Thursday, June 23

“Problems are only opportunities in work clothes.” - Henry J. Kaiser

Rebuild option available in all group classes today.

Strength Focus: 4:30pm

Strength

Pull-Up/Muscle-Up Day 20

Strict Pull-up - Retest:

Strict Pull-ups : Max Set

A single set of Strict Pull-ups for max reps.

Retest day! Give it your best shot and compare to Day 1. Remember: 1) hang from the bar 2) get hollow 3) initiate with the lats 4) don't stop pulling! Compare to how you looked and felt on Day 1. Log 0 reps if you are still unable, but note if you are any closer. *As some bonus work, finish today's session with Skill A, B, and C.



Strict Pull-up - Skill A:

Active Bar Hang : 1x 120 secs

Active Bar Hang 1x 120 secs

Rest as needed between sets.

Accumulate 90-120 secs.

See what you can do. Compare to your very first Active Bar Hang on Day 1.

Strict Pull-up - Skill B:

Hollow Hold : 3x 20 secs, rest 30 secs

Hollow Hold 3x 20 secs

Rest 30 secs between sets.

Compare to your very first hollow hold on Day 1.

Strict Pull-up - Skill C:

Segmented Ring Rows : 3x10

Segmented Ring Rows 3x10

Rest as needed between sets.

3x8-10 reps

Finishing up the program with some segmented ring rows! If you can, increase difficulty from Day 4 by inching your feet forward a bit.
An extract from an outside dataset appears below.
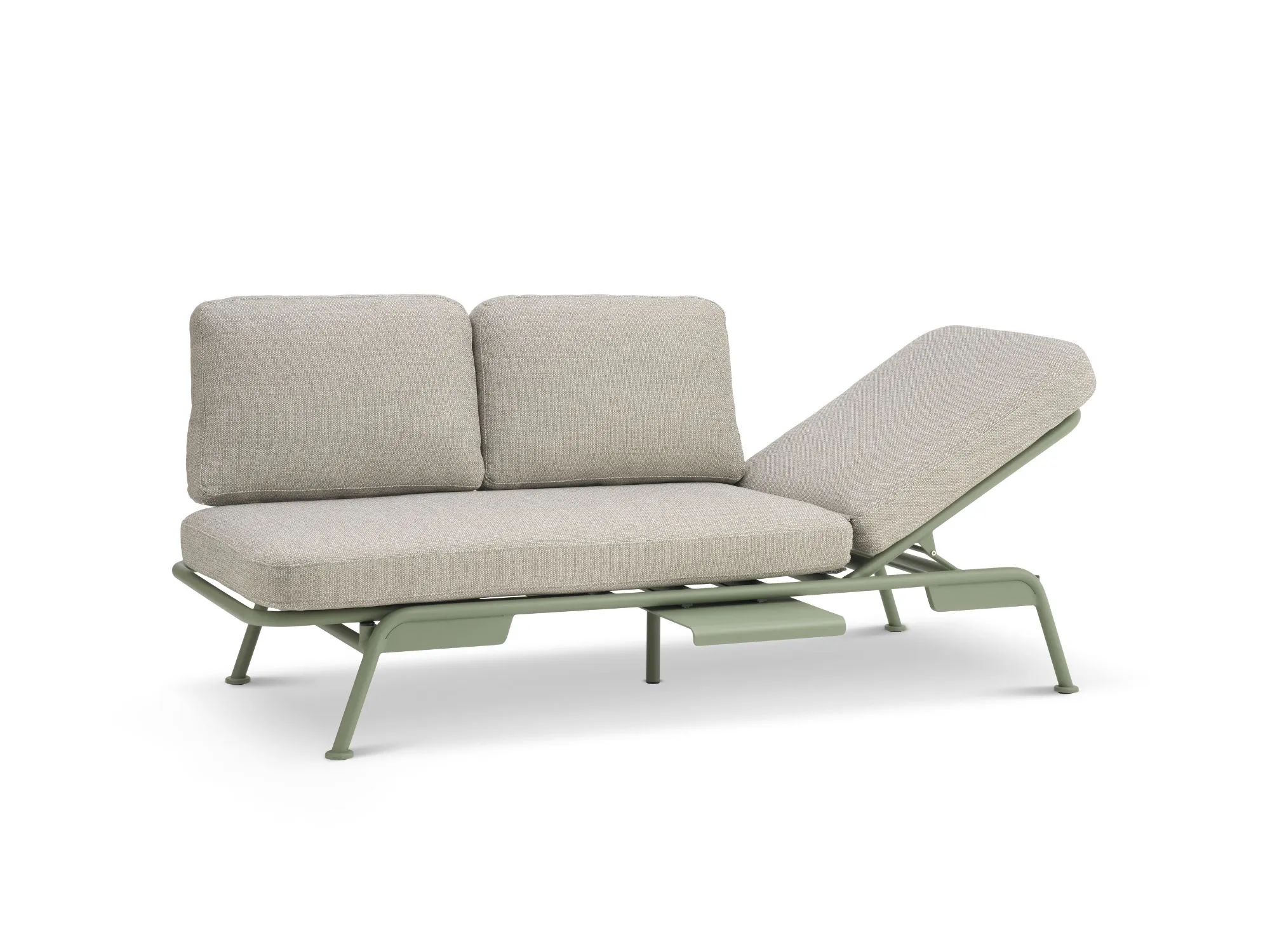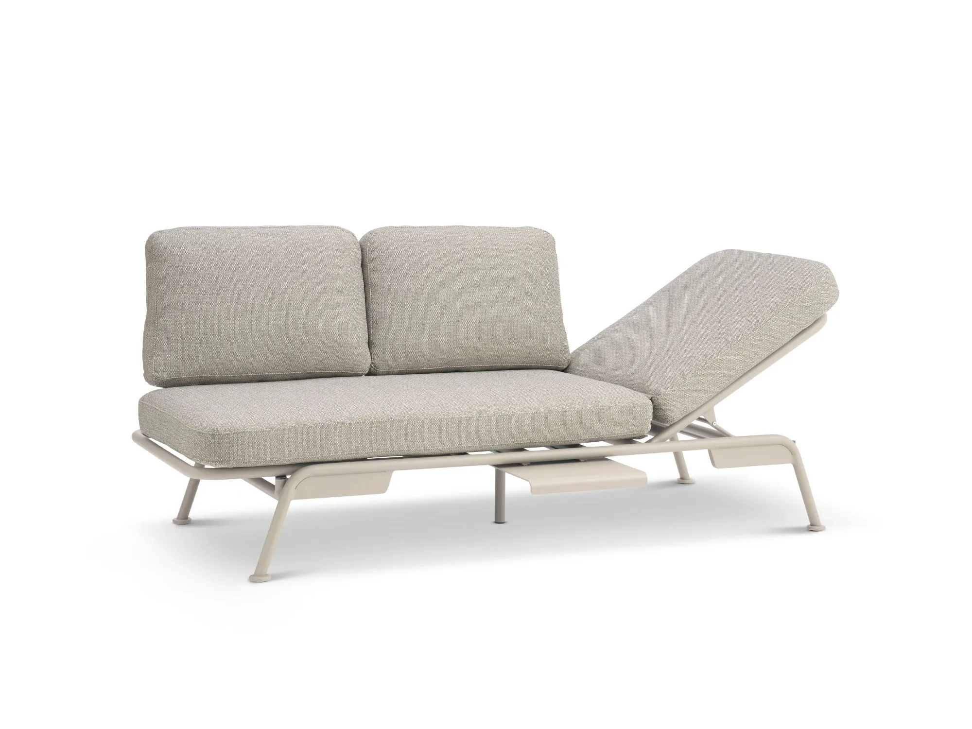 En fleksibel og komfortabel loungesofa, der kombinerer moderne design med praktiske funktioner til terrassen eller haven.

Strict Ring Muscle-up Day 20/20 - Final Session!

Today is your final day! However, this isn't a one-and-done program. Consider completing the program again as many times as needed to accomplish your goal. The Strict Ring Muscle-up in particular is an advanced gymnastic movement. Results will vary based on your ability when starting the program. The important thing to keep in mind is progress. As long as you are better off than when you started the program, you are headed in the right direction. It might take another run through the program before getting your first rep. Fitness is a journey. Enjoy the process.

Strict Ring Muscle-up - Retest Prep:

FQ: False Grip Active Ring Hangs and Ring Lat Press Downs

For quality: False Grip Active Ring Hang, 1 min 10 Ring Lat Press Downs

False Grip Active Ring Hang- accumulate 30 secs-1 min Approach this as further warm-up and prep for our retest today!

Strict Ring Muscle-up - Retest:

Strict Muscle-ups : Max Set

A single set of Strict Muscle-ups for max reps.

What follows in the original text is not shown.